En una cita así no merece la pena refugiarse en el cinismo, tampoco en la melancolía. Aquí hemos venido a jugar y a vivir la experiencia completa. Resulta inútil esforzarse por evitar el contacto físico o esquivar anécdotas en las que no siempre salimos bien parados. La sucesión de conversaciones casuales sirvió para desbloquear recuerdos, hacer terapia y recordar las personas que fuimos, que no están tan lejos como creemos de las que seguimos siendo. Fue tan fluido y agradable que no pareció un reencuentro tras tres décadas en los que cada uno acumula ya demasiadas capas de decepciones aderezadas con toppings de pequeñas tragedias cotidianas, sino la fiesta final de un curso que se alargó demasiado. A pesar de los temores iniciales no hay nadie que no sea recordado, que no forme parte de alguna historia divertida, vergonzante o ridícula que se ha seguido contando. La percepción real de que todos le importábamos a alguien es tan cálida y reconfortante como el más mullido de los plumíferos.

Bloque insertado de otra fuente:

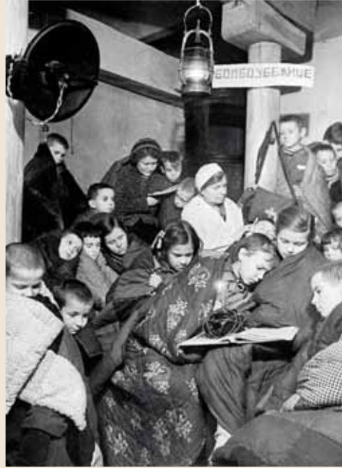
Ленинградские дети в бомбоубежище во время налета немецкой авиации

И так 9 мая 1945 года мы приехали в послевоенный город и прожили 3 дня на Московском вокзале. А потом мама устроилась на завод «Красный выборжец». Жить мы стали в общежитии на пр. Мечникова — в 146-й школе, на 4 этаже, там у нас с мамой была одна кровать на двоих. Все продукты тогда выдавались по карточкам (хлеб, крупы, сладости). Этого не хватало. Хлеб приходилось покупать. Мама давала мне 30 рублей, и я ходила к больнице Мечникова, к ларьку, у которого можно было за деньги купить хлеб (его продавали студенты, которым присылали продукты из деревни), и просила: «Тётя, не продадите ли хлеб?» Иногда удавалось купить. Часто с ребятами ходили к Пискаревке, потому что там находилось овоще-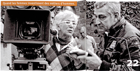
Quand les femmes investissent des métiers d'hommes.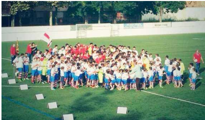
Els esportistes del planter, la promesa de futur del club.

El primer equip es presenta a l'afició amb un triomf sobre el Vilafranca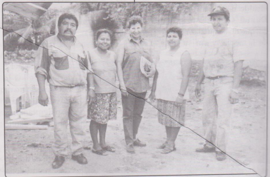
La investigadora con Miembros del Comité Pro-mejoramiento del Barrio de la Cruz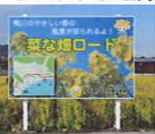
道路脇の黄色い旗が目印です。

Al llegar a casa –de día, conste– descubrí algo sorprendente: no había hecho ni una foto. Por primera vez he sido una de esas personas espirituales que disfrutan la vida sin una lente por medio, que viven la experiencia en lugar de documentarla. Me prometo que no volverá a pasar. Otro milagro: en una reunión de más de cien adultos nadie ha hablado de política. No se ha discutido sobre conflictos territoriales, investiduras o los efectos de la inflación sobre el aceite. Admírense. Se han otorgado Premios Princesa de Asturias de la Concordia con menos motivo. Sí hemos bailado mucho, aunque nunca se baila suficiente, y cantado a voz en grito todo el repertorio de la edad de oro del pop español.
Escribía hace unos días Irene Vallejo que cuando una relación se rompe, muere un dialecto. Un duelo que no es exclusivo del amor romántico. Una forma de entenderse forjada tras muchas horas compartiendo pupitre permitió que esa noche de sábado continuásemos conversaciones que se habían interrumpido hacía treinta años. “¿Por qué dejamos de vernos?” es una pregunta retórica que nadie articuló porque todos conocemos la respuesta: la vida es un jardín de senderos que se bifurcan y a cada uno nos ha llevado en una dirección, pero aquellas vivencias compartidas nos vertebraron, nos han hecho las personas que somos, nos han llevado a esa noche, a esa fiesta. A la mañana siguiente, en un grupo con más resaca de emociones que de alcohol, se pide ya otra reunión. Este éxito merece una secuela. El cine lo desaconseja, hay pocas segundas partes que hayan sido buenas, pero si algo hemos aprendido de esa noche es que el cine nos miente.